Why Devotion to the Sacred HEART of Jesus?

Why do Catholics have devotion to the Sacred Heart of Jesus? I call this “cordial devotion” (from the Latin cor, cordis meaning “heart”). English words such as “cordially” mean “heartfelt,” and our word “core” meaning “center” also comes from this Latin word.
What Did the Heart Signify to the Jews?
The human heart is considered to be the symbolic center of the person and as such is signifies the will. When we are excited or scared our heartbeat rises. In times of stress or sorrow, we can feel a pain in our chest.
In the Old Testament and in Hebrew idiom, the “heart” (Hebrew: leb) is often used as a synonym for the “soul.” For example:

“My heart is troubled, my strength hath left me, and the light of my eyes itself is not with me.” (Psalm 37:11, D-R)

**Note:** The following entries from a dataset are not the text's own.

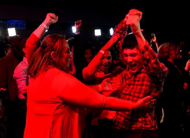 With results still trickling in early Tuesday, the Liberals had 156 seats — 14 short of the 170 needed for a majority in the 338-seat House of Commons.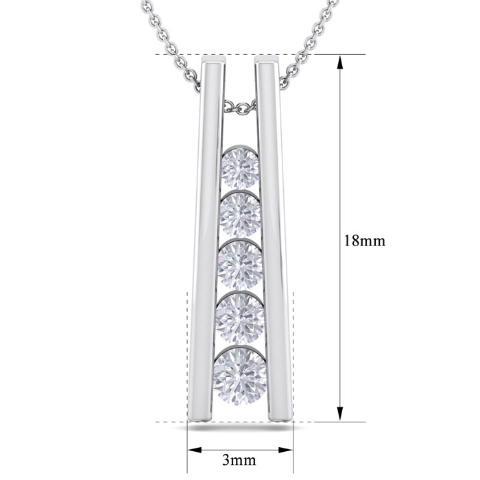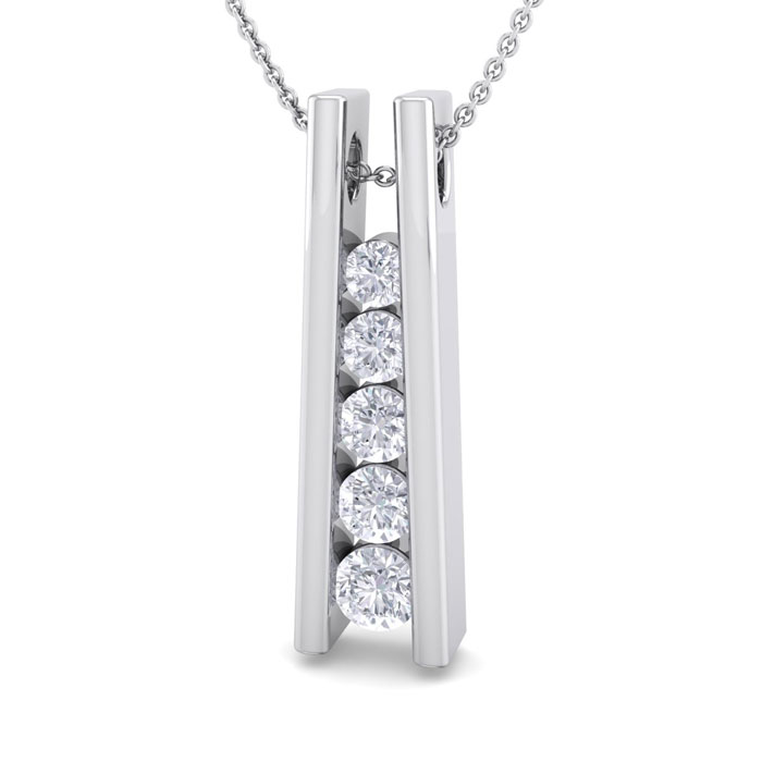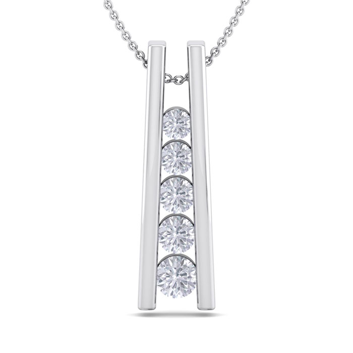 This elegant diamond necklace features 5 sparkling graduated diamonds in I-J color, I1-I2 clarity at 1/4 carat total weight. This necklace is in 14 karat white gold. This necklace comes with an 18 inch cable chain with a spring-ring clasp.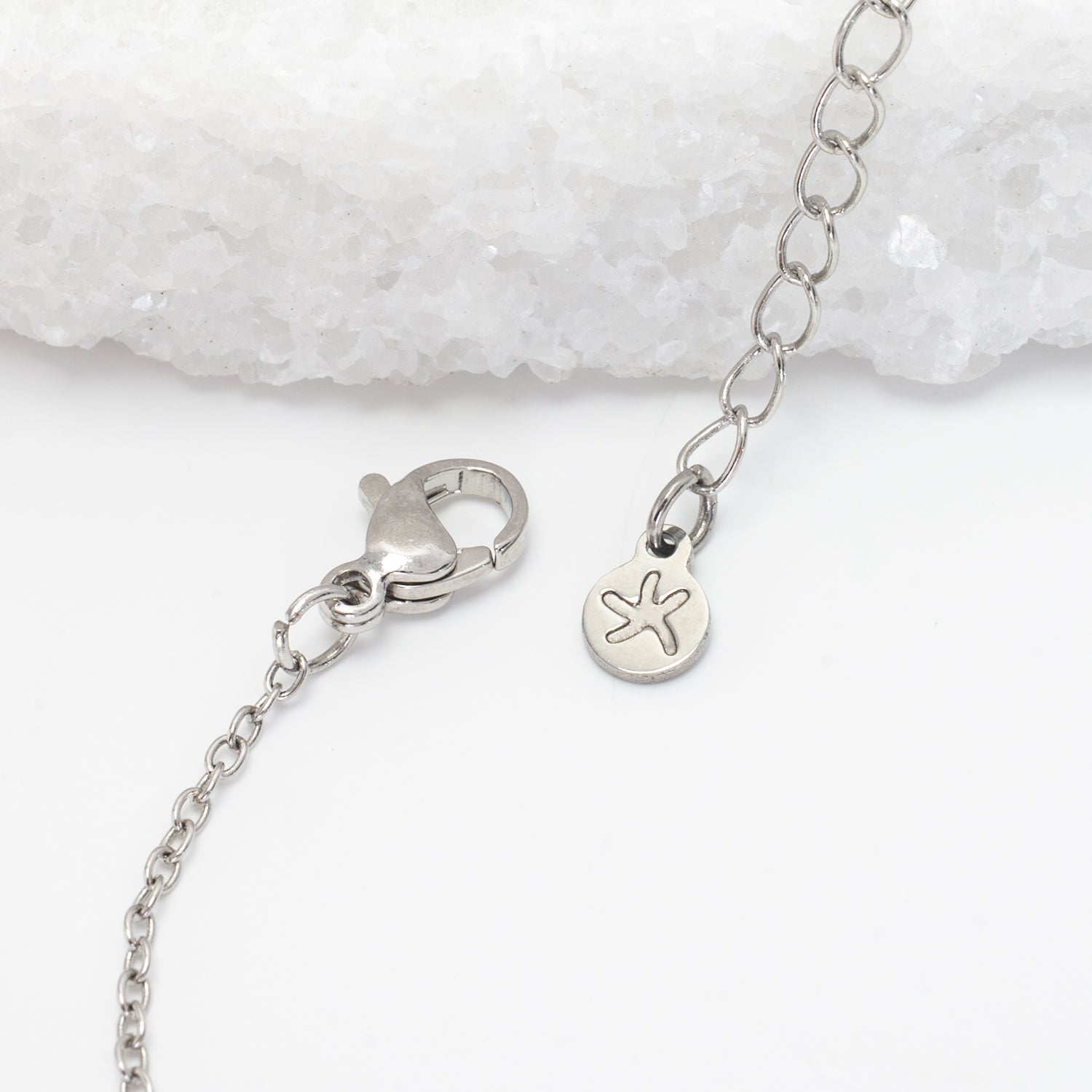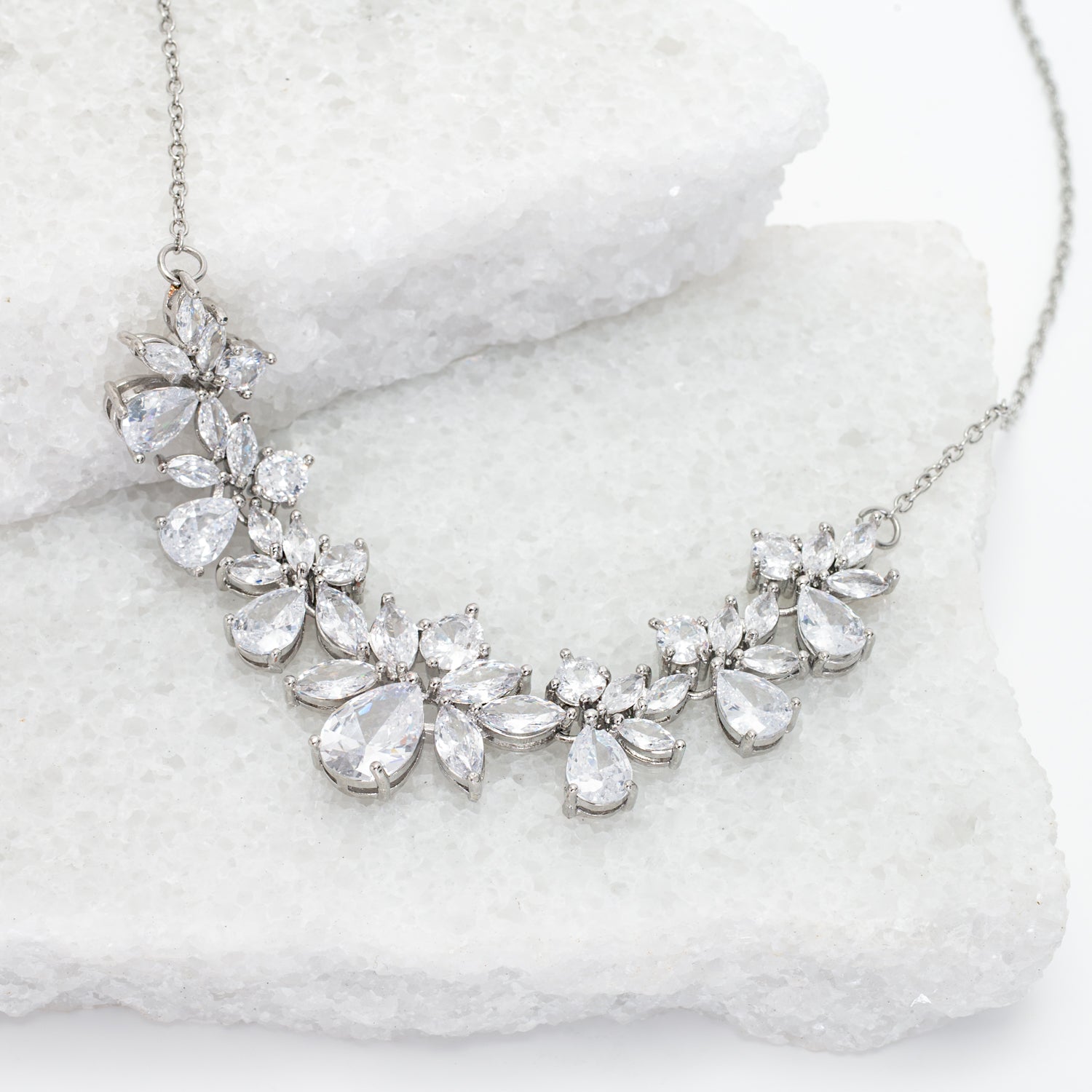 Meet the Glittering Garland Platinum and Zircon Necklace, a breathtaking and enchanting piece designed to adorn both brides and their beloved bridal party. This necklace exudes an air of elegance, radiance, and timeless beauty, making it the perfect accessory for your special day. Crafted in platinum and adorned with sparkling zircon gemstones, its graceful adjustable design drapes elegantly along the neckline, accentuating the natural beauty and grace of those who wear it. The Glittering Garland Platinum and Zircon Necklace is more than just an accessory; it is a reflection of your radiant spirit and the love that surrounds you. Its versatile design adds a touch of elegance to any bridal ensemble or formal attire, ensuring that you shine with unparalleled grace. Let the Glittering Garland Necklace be a symbol of unity, celebration, and cherished memories for your special occasion. Your Impact: With your purchase, you directly contribute to our mission of providing holistic care, vocational training, and career development for survivors. With your help, we can build a future where every woman can thrive and shine brightly as she creates her happily ever after. Box size and color may vary. Materials: Platinum plated brass chain with zircons necklace Hypoallergenic; lead and cadmium free with nickel content less than 100 ppm. Size: 19.5-23 inches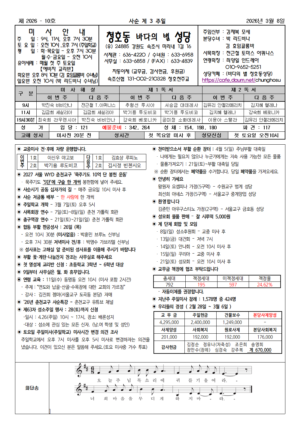 청호동 - 2026년 3월 8일 사순 제 3 주일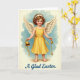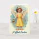 This design shows a sweet childlike figure centered on the front, with soft brown curls, rosy cheeks, and bright eyes that seem to gaze outward with a gentle, friendly warmth 🌷. Light feathered wings fan out behind the child, giving the scene an airy, springtime feel against a mottled sky-blue backdrop that looks like thin clouds. The child wears a sunlit yellow dress with a pleated skirt and a snug waist, and a simple white headband rests across the hair. Bare feet touch a creamy ground, adding a small, tender detail that keeps the angelic look feeling close and approachable, like a quiet hug from a friend. In one hand, the child holds a large golden bell tied with a braided rope, while the other hand lifts a smaller bell, as if ready to ring out a cheerful greeting 🐰. At the bottom, a flowing line of text sits centered in a darker tone that stands out clearly against the pale base. Soft shading highlights the folds of the dress, the feather textures of the wings, and the warm gleam on both bells. The larger bell hangs slightly lower, its braided cord curving in a loose loop near the child’s knee.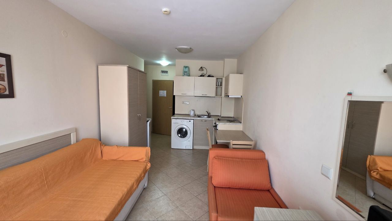 We present a compact and functional property, ideal as a holiday home or an investment with excellent rental potential. The studio is located in a prestigious complex in the heart of Sunny Beach, surrounded by beautiful landscaped areas and just steps away from the resort’s vibrant life. With a total area of 31 m², the property is situated on the fourth floor and easily accessible by elevator. The layout is maximally convenient: an entrance hall, a stylish living room with a kitchenette and a designated sleeping area, as well as a bathroom with modern amenities. The absence of a balcony is compensated by the layout and bright interior solutions, creating a sense of space and comfort. The property is sold fully furnished and equipped – ready for immediate occupancy or rental. The selected furniture and appliances provide practicality, and the neutral color scheme allows easy personalization according to the future owner’s taste.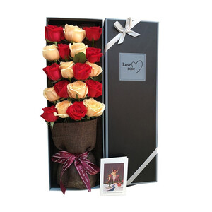 精美的玫瑰香皂花礼盒,花瓣逼真,自然饱满,可长期保存,并带有淡淡香味。时尚造型,添加条纹蝴蝶结点缀,更显浪漫。 推荐商品
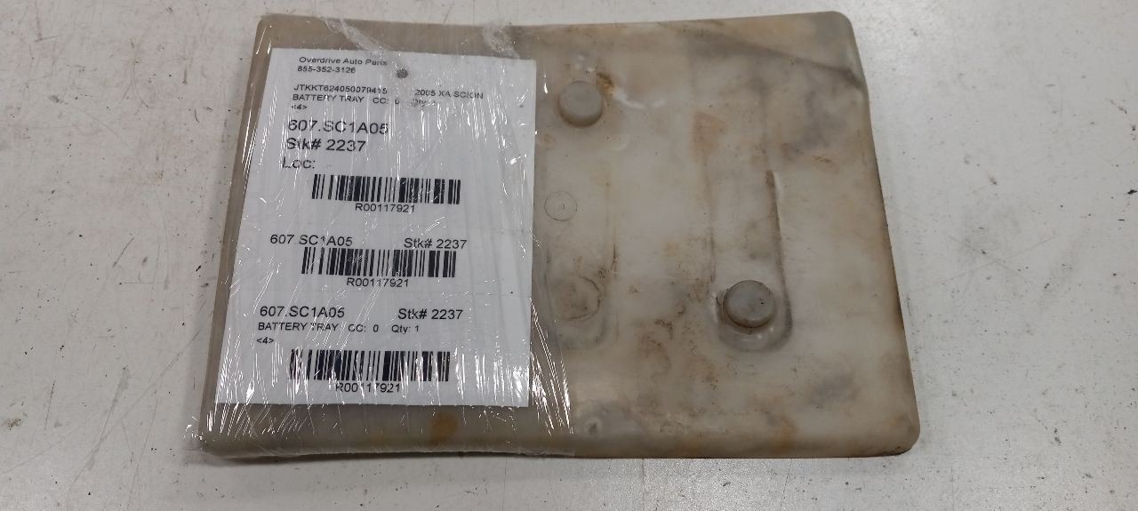 Item Description This is a quality used OEM part has been professionally removed and inspected. It is stored indoors and ready to be shipped. The pictures are the exact part you will receive. **Donor Vehicle** - **2005 XA SCION** **Stock Number** - **2237** **This part will fit these following makes and models with these options** 2005 XA SCION **Battery Tray** **<4>** More Items! We are a family owned business that takes pride in our fast handling times and friendly customer service. We've been providing high quality used OEM auto parts for many years and we love what we do! Please contact us with any questions prior to purchasing. ``` Payment #### Payment ``` All orders must be paid in full prior to shipment. We accept credit card and cash for Local Pickup orders. If payment is not received, an Unpaid Item case will be opened for the sake of seller fee reimbursement. ``` Shipping #### Shipping ``` Items are shipped after receiving cleared payment. We ship to US addresses within the continental 48 states. Shipping to AK, HI, PO Box, APO, FPO & US Protectorates: please contact first as we may be able to arrange shipping for an additional charge (depending on the part). ``` Warranty #### Warranty ``` All parts come with our standard 60 day warranty. Warranty claims must be made with our warranty department. Labor and costs associated with part installation are not included in the warranty, parts only. ``` Returns #### Returns ``` All parts must be returned in their original condition to receive full credit. Returns are accepted up to 60 days after date of purchase. Please message us with questions.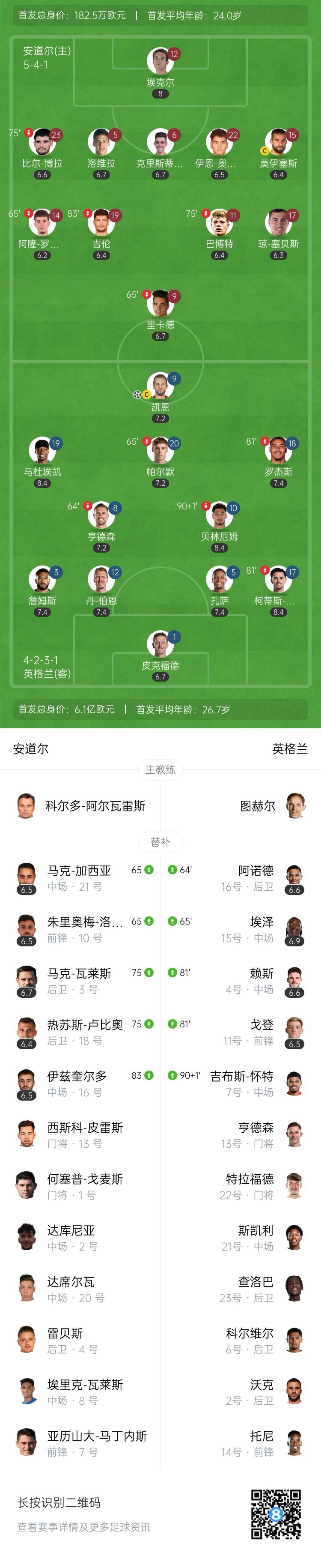 全场比赛结束,英格兰队1-0击败安道尔队。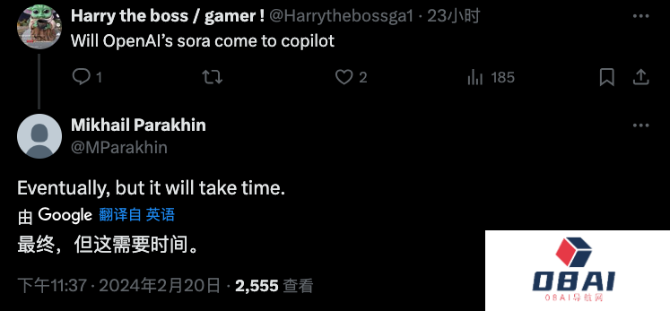 有用户询问Mikhail Parakhin是否会在Copilot上推出Sora,Parakhin给出了肯定的答复:“最终会落地,但这需要时间。”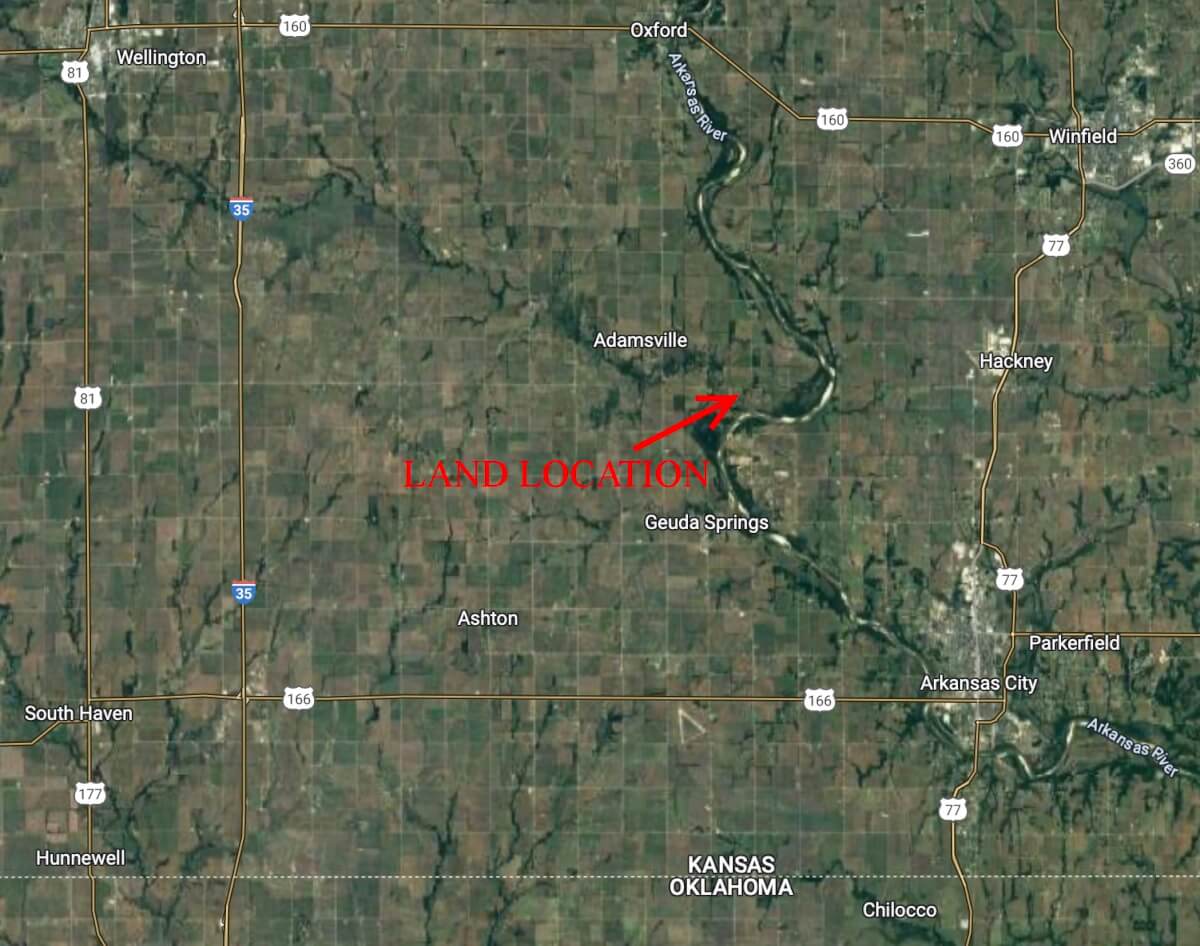 PROPERTY DESCRIPTION: 156.5 acres along the Arkansas River southwest of Winfield in Cowley County, Kansas. This diverse property offers tillable farm ground, pasture most recently utilized as hay meadow, and trees. There is a long winding pond or slough in the central portion of the property, and the southeast corner of this land tract touches the Arkansas River. If you like Kansas Whitetail Deer or turkey hunting, this property offers a consistent population of both!
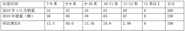 1、云南市场,2019年1-3月10-11米是主打产品,其次是11-12米,再次是8-9米,也就是说大型客车是云南旅游客车市场的主打产品。同比2018年同期,8-9米增幅最大,其次是10-11米段;11-12米同比增幅最小。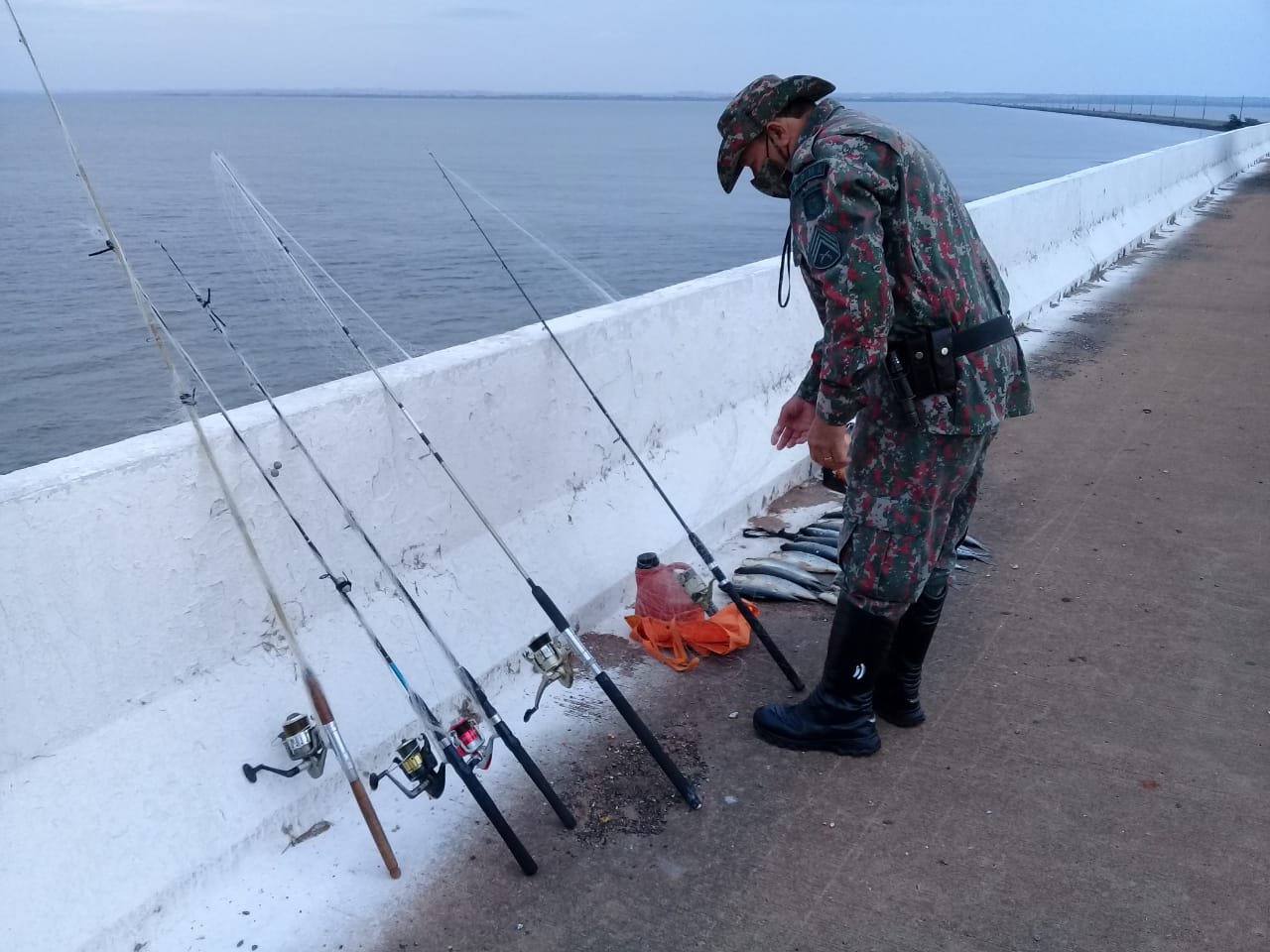 Campo Grande (MS) – Policiais Militares Ambientais de Bataguassu realizavam fiscalização hoje (19) à tarde, próximo à ponte que liga MS ao estado de São Paulo, quando se depararam com dois homens pescando na cabeceira da ponte, localizada na BR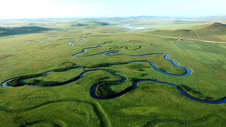 草原生命线之一的乌拉盖河蜿蜒而过

In fact, most languages parallel this usage. Now don’t think that ancient people were entirely ignorant of human anatomy. They new full well that the heart was a vital organ responsible for human animation. For example:

“But early in the morning, when Nabal had digested his wine, his wife told him these words, and his heart died within him, and he became as a stone.” (1 Samuel 25:37, D-R)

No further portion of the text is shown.